**What the task asks:**
Reproduce, exactly and in full, the lines from the one with "②「フィルターと受信通知設定」ボタンをクリック。" through the one with "Wir haben uns" in the data below; drop pictures.

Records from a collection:
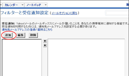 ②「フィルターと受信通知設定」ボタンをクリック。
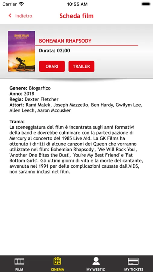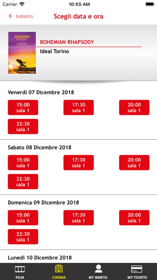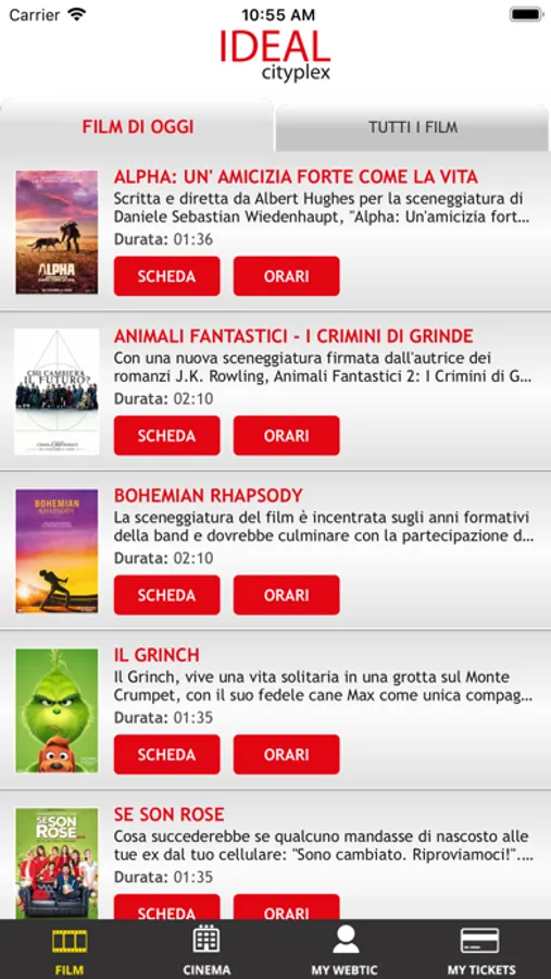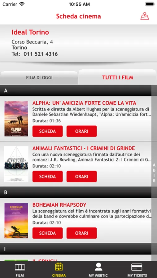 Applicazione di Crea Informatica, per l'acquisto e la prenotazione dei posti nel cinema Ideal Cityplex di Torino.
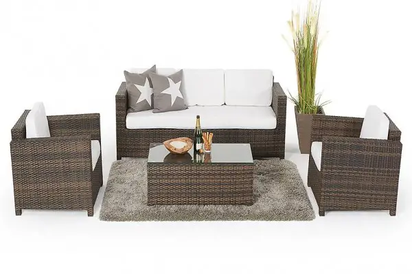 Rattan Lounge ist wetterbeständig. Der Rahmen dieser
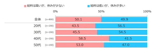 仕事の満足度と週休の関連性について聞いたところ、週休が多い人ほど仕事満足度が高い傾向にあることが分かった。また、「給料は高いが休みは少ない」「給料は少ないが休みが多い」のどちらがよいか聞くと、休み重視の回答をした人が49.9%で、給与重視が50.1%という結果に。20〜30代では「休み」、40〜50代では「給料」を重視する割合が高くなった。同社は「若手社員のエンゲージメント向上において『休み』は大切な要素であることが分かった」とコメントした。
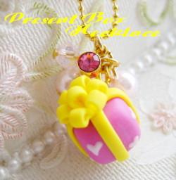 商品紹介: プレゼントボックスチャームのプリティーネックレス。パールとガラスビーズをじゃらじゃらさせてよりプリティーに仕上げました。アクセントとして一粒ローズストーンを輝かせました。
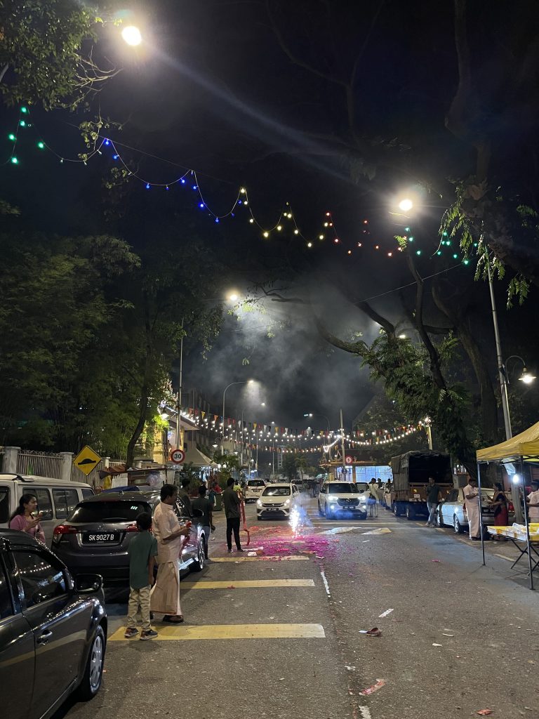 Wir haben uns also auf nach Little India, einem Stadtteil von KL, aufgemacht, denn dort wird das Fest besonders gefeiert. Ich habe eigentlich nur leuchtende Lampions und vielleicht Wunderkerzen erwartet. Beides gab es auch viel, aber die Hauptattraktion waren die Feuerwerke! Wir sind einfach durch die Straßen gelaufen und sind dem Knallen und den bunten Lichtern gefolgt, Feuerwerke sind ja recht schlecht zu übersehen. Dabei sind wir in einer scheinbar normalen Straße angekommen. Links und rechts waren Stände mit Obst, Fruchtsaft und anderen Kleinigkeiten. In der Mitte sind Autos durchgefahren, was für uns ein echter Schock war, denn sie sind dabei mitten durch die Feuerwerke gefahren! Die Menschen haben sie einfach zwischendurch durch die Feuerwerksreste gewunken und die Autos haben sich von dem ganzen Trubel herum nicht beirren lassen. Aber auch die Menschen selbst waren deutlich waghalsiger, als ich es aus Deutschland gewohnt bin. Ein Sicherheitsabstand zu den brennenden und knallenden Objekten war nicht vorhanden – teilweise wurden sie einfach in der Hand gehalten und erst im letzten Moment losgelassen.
* * *
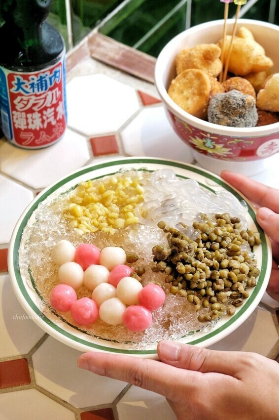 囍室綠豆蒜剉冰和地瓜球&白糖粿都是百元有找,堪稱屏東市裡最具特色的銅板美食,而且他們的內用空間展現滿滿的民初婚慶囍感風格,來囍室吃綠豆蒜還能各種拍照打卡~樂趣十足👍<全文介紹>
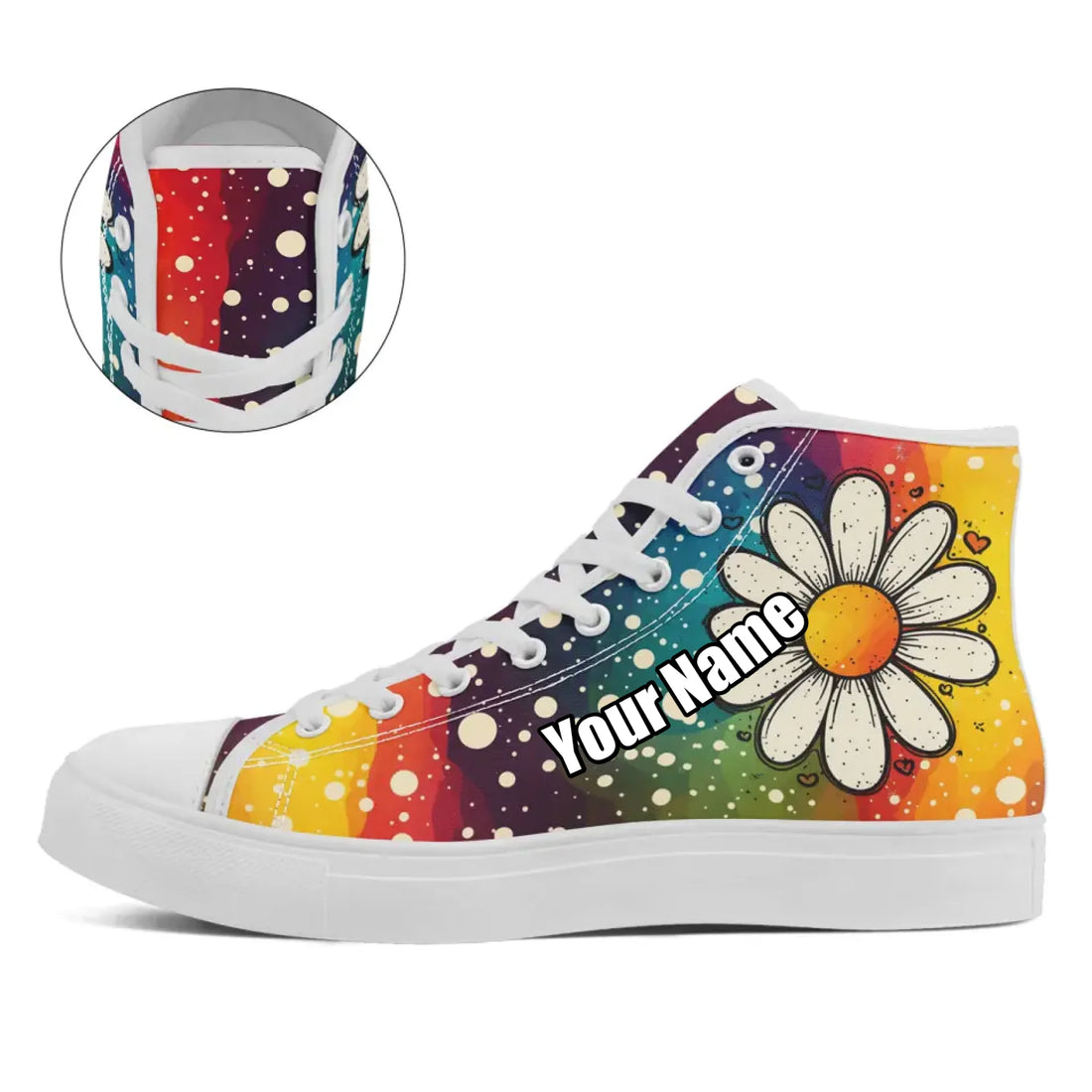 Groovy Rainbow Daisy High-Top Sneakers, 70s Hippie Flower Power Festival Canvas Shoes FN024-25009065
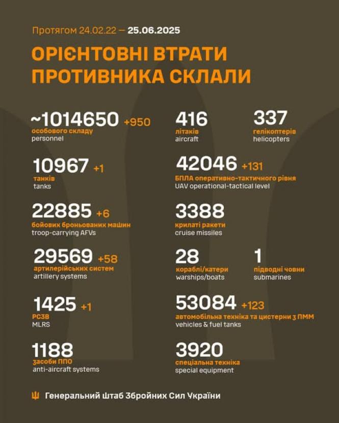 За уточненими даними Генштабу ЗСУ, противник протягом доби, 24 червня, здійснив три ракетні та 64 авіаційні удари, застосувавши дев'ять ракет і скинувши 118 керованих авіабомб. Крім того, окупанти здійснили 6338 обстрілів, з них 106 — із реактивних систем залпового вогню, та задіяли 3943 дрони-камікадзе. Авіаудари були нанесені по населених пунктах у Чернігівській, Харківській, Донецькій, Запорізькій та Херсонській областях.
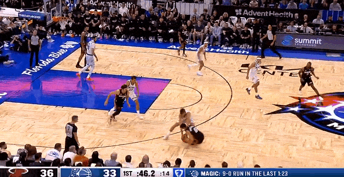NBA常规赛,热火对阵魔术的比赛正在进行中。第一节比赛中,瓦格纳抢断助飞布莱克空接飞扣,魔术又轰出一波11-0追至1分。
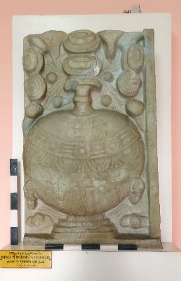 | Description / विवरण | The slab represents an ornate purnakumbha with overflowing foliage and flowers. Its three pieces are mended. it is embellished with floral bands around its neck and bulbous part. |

**Exercise response:**
 ②「フィルターと受信通知設定」ボタンをクリック。
 Applicazione di Crea Informatica, per l'acquisto e la prenotazione dei posti nel cinema Ideal Cityplex di Torino.
 Rattan Lounge ist wetterbeständig. Der Rahmen dieser
 仕事の満足度と週休の関連性について聞いたところ、週休が多い人ほど仕事満足度が高い傾向にあることが分かった。また、「給料は高いが休みは少ない」「給料は少ないが休みが多い」のどちらがよいか聞くと、休み重視の回答をした人が49.9%で、給与重視が50.1%という結果に。20〜30代では「休み」、40〜50代では「給料」を重視する割合が高くなった。同社は「若手社員のエンゲージメント向上において『休み』は大切な要素であることが分かった」とコメントした。
 商品紹介: プレゼントボックスチャームのプリティーネックレス。パールとガラスビーズをじゃらじゃらさせてよりプリティーに仕上げました。アクセントとして一粒ローズストーンを輝かせました。
 Wir haben uns also auf nach Little India, einem Stadtteil von KL, aufgemacht, denn dort wird das Fest besonders gefeiert. Ich habe eigentlich nur leuchtende Lampions und vielleicht Wunderkerzen erwartet. Beides gab es auch viel, aber die Hauptattraktion waren die Feuerwerke! Wir sind einfach durch die Straßen gelaufen und sind dem Knallen und den bunten Lichtern gefolgt, Feuerwerke sind ja recht schlecht zu übersehen. Dabei sind wir in einer scheinbar normalen Straße angekommen. Links und rechts waren Stände mit Obst, Fruchtsaft und anderen Kleinigkeiten. In der Mitte sind Autos durchgefahren, was für uns ein echter Schock war, denn sie sind dabei mitten durch die Feuerwerke gefahren! Die Menschen haben sie einfach zwischendurch durch die Feuerwerksreste gewunken und die Autos haben sich von dem ganzen Trubel herum nicht beirren lassen. Aber auch die Menschen selbst waren deutlich waghalsiger, als ich es aus Deutschland gewohnt bin. Ein Sicherheitsabstand zu den brennenden und knallenden Objekten war nicht vorhanden – teilweise wurden sie einfach in der Hand gehalten und erst im letzten Moment losgelassen.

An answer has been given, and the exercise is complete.